In principle, the attractiveness of the UK as a place to conduct clinical trials and supply medicines, veterinary medicines and medical devices is desirable, to ensure the success of our life sciences industries, and access to improved treatments and innovations. But it must not come at the cost of patient safety.
The Cumberlege review highlighted concerns that the previous regulatory framework—for medical devices, for example—relies heavily on industry self-regulation, and recommended overhauling the regulatory framework to ensure that patient perspectives and public interests take priority over industry interests.
In my view, the attractiveness clause gives rise to a number of unanswered questions. How is the UK to be made more attractive as a place to conduct clinical trials, set up businesses and market medicines and medical devices? What measures might the Government justify in future, using attractiveness under these broad powers, requiring a lesser degree of scrutiny than would otherwise be the case? Is this going to lead to safety being traded off against attractiveness post Brexit, as the UK outside the EU loses some of its competitiveness in the life sciences sector? Will the interpretation of attractiveness further enhance the interests and voices of industry?

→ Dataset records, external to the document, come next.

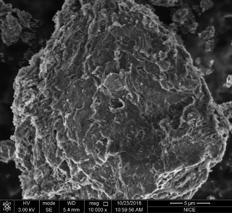 The microstructure of the adsorbent is generally considered to have influence on the adsorption process and mechanism. The SEM image of the nano-ceramic is shown in Figure 5, after magnifying 10,000 times, it can be found that the surface of the NC is a distinct layered structure with uniform surface and less dispersed particles.
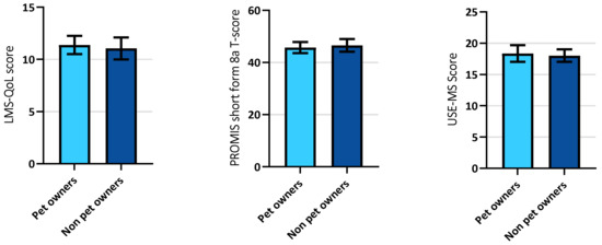 No significant differences were seen in LMS-QOL, SPSR, and USE-MS scores between pet owners and non-pet owners living with MS (see Figure 1).
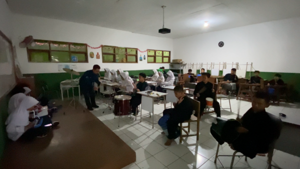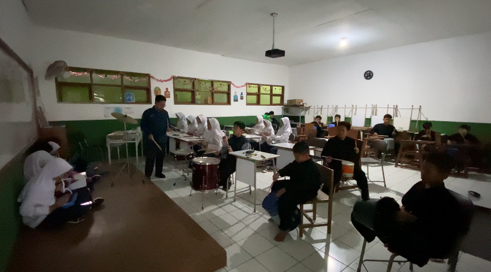 Ekstrakulikuler Marching Band SMP Tulus Kartika berlatih Ritmis dan Melodis pada Lagu Maju Tak Gentar dengan menggunakan alat musik seadanya tetapi harmonisasi tetap terjaga.
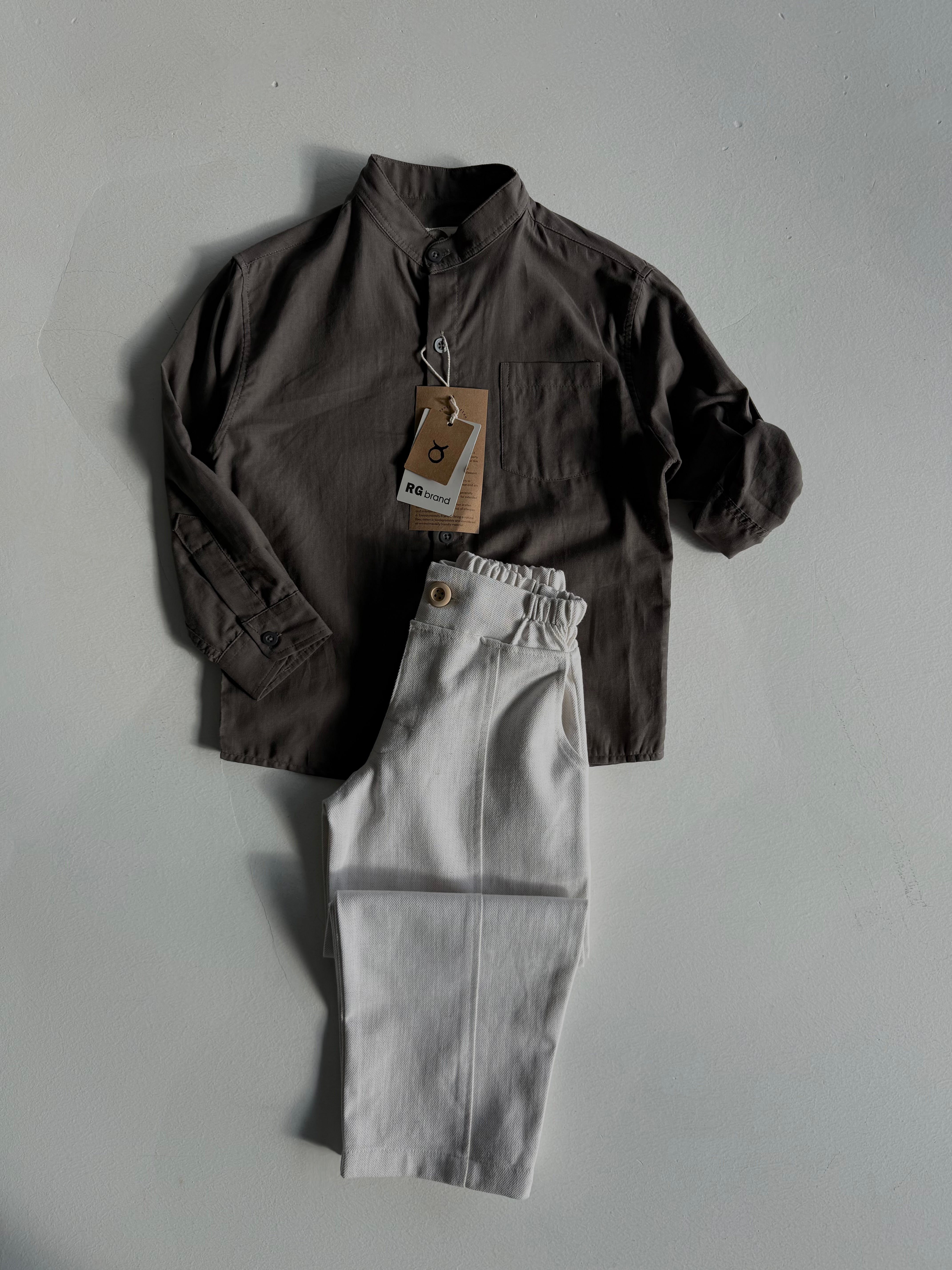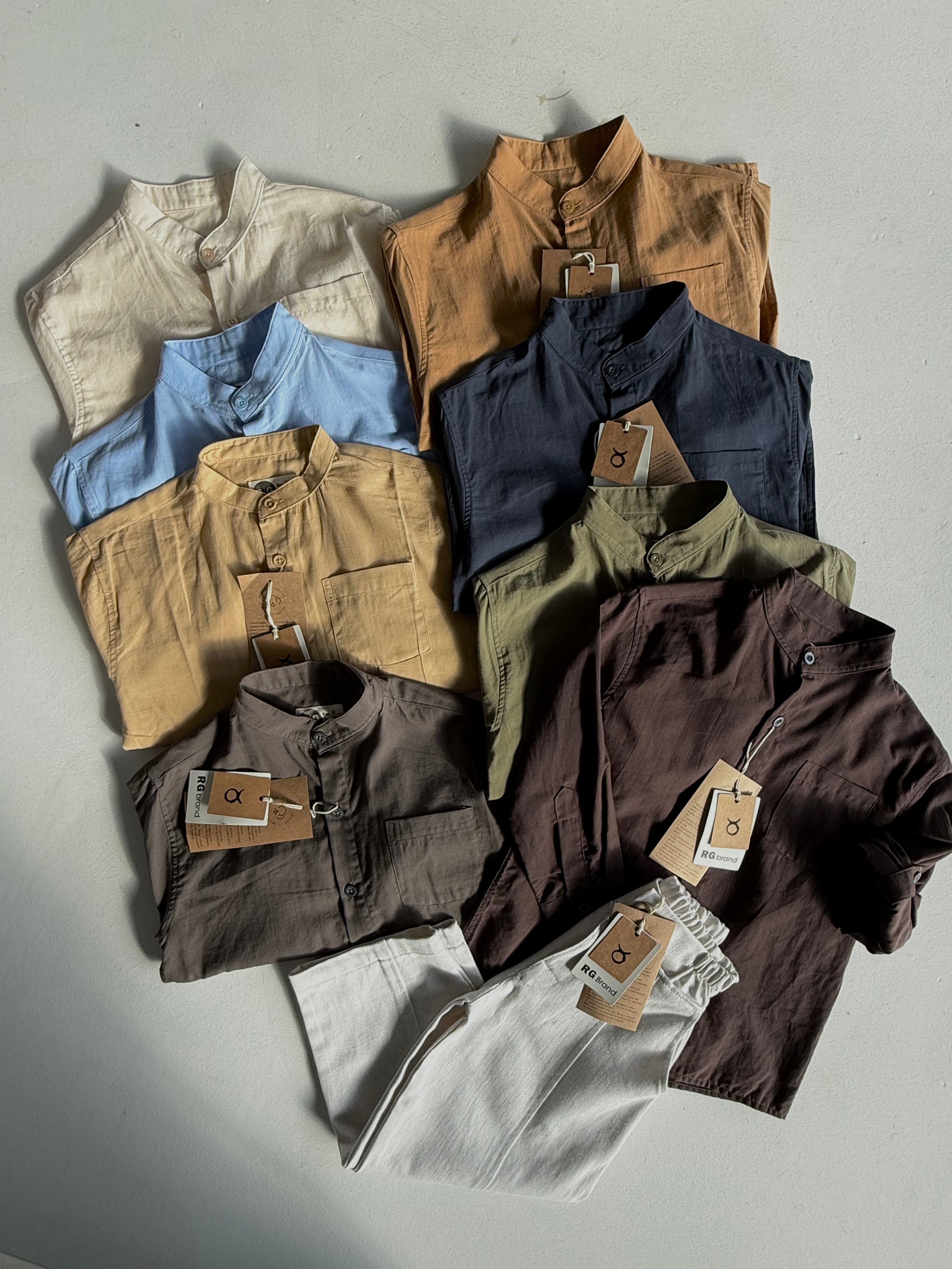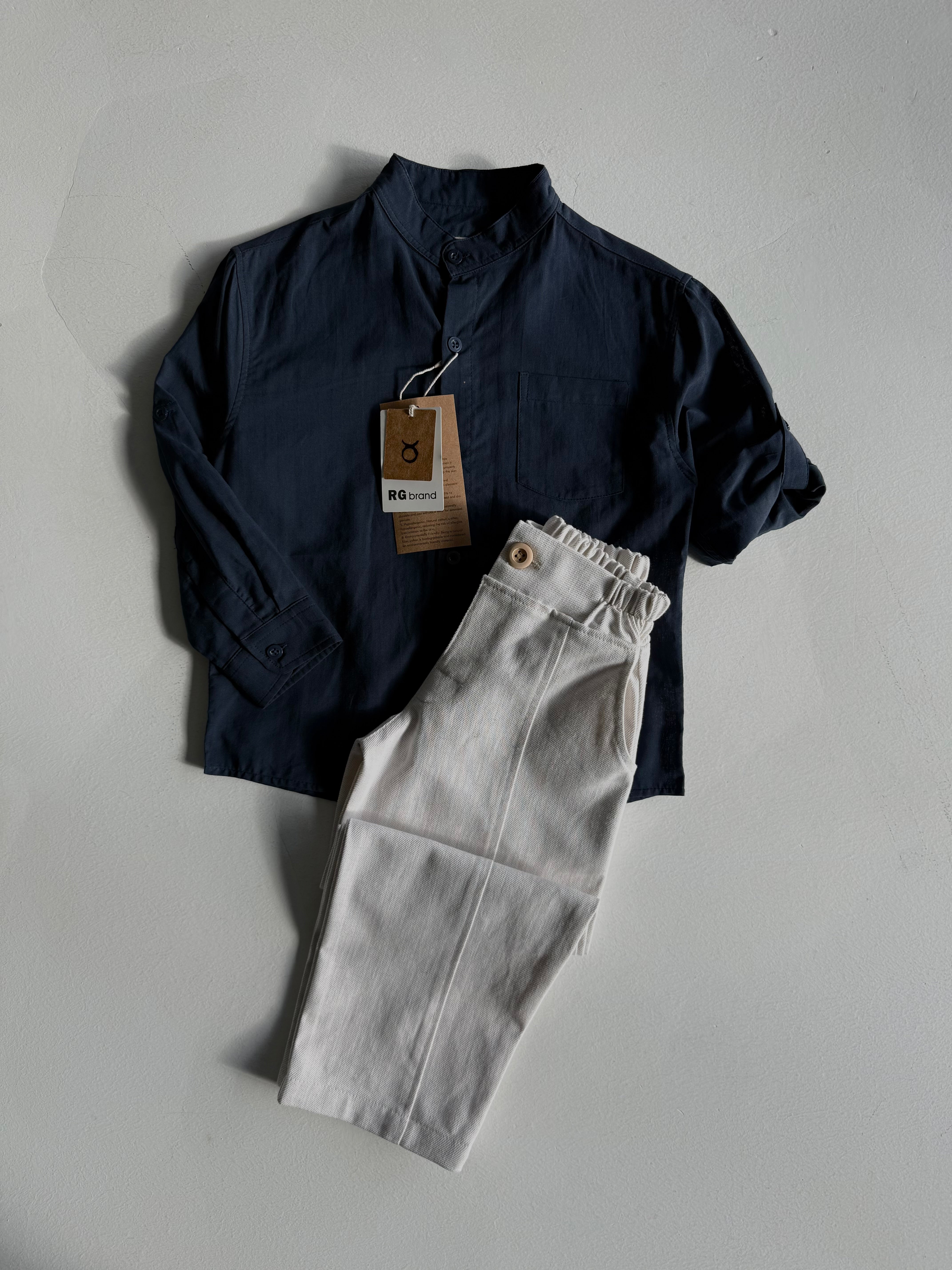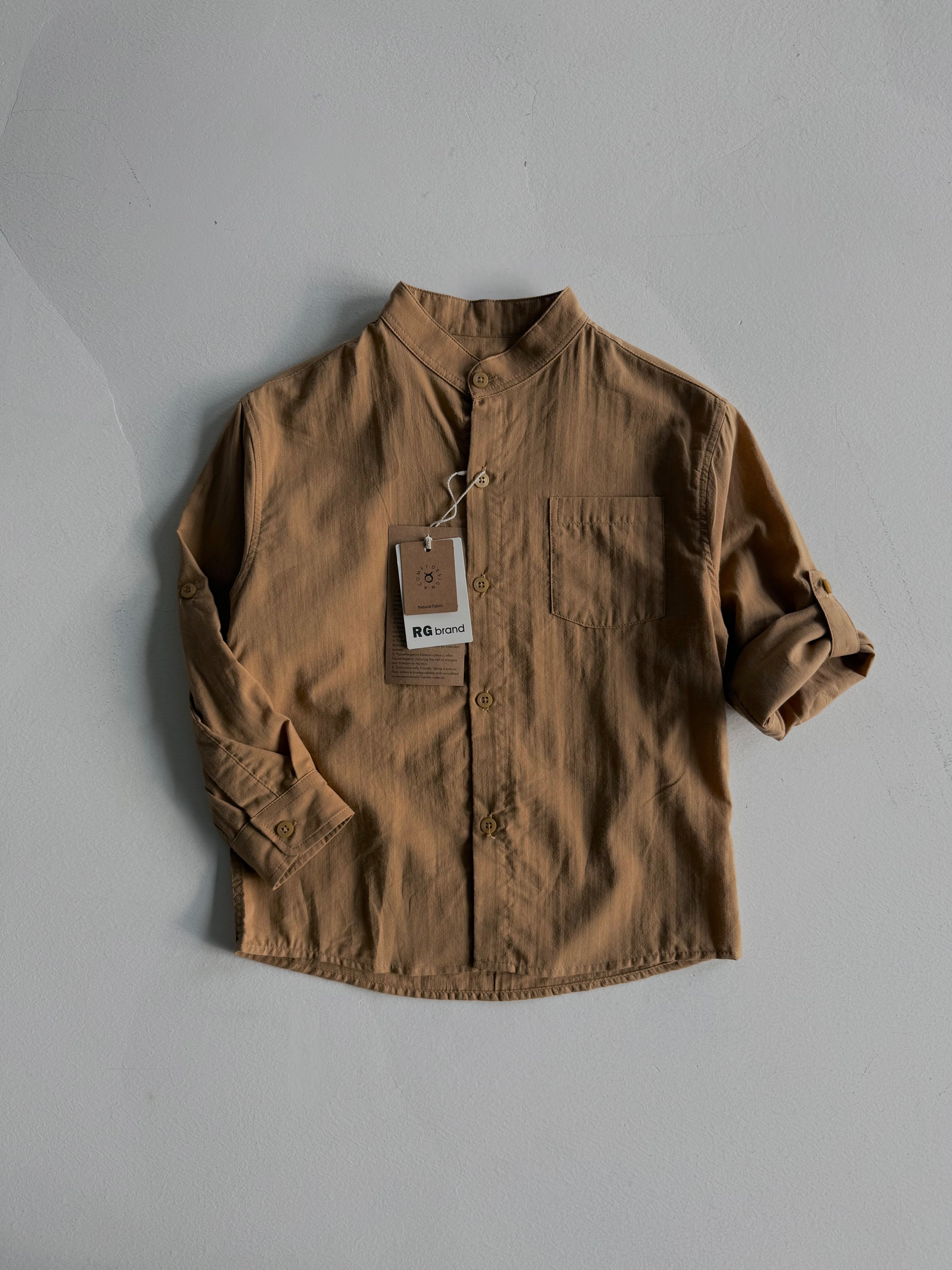Эта детская рубашка для мальчиков, отличающаяся минималистичным дизайном и воротником-стойкой, предназначена для детей от 3 до 9 лет. Изготовленная из 100% хлопка, она дышащая, мягкая и приятная на ощупь. Благодаря длинным рукавам и удобному крою, она станет комфортным вариантом как для повседневной носки, так и для особых случаев.
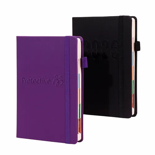 A stylish, durable planner with a convenient strap closure, perfect for organizing notes, schedules, and ideas on the go.Size: 5.8 in x 8.3 inCover: Color-changing PUPages: 200 sheets / 400 pages (80g paper)Colors: Green, Blue, Purple, Black, Orange, PinkWeight: 515gCustomization: UV printing, foil printing, debossingImprint Area: 100 mm x 100 mmIdeal for professionals and students who want both style and functionality in one planner.

New legislation, in my view, must not leave room for the UK to become a wild west of medicines and medical devices, in a bid to remain an attractive place to do business. Our amendment provides a more specific definition of attractiveness to mitigate some of these concerns. It narrows the definition to that of facilitating supply and demand of medicines, veterinary medicines and medical devices under the respective clauses, and as being favourable to the establishment of research, design and manufacture. There is currently no commitment in the Bill to prioritise patient safety over other considerations of liberty and attractiveness. The Government have stated their commitment to safety at all stages of the Bill so far, yet that is not backed up in the Bill by any concrete provisions. The amendment addresses that by prioritising safety over those other considerations.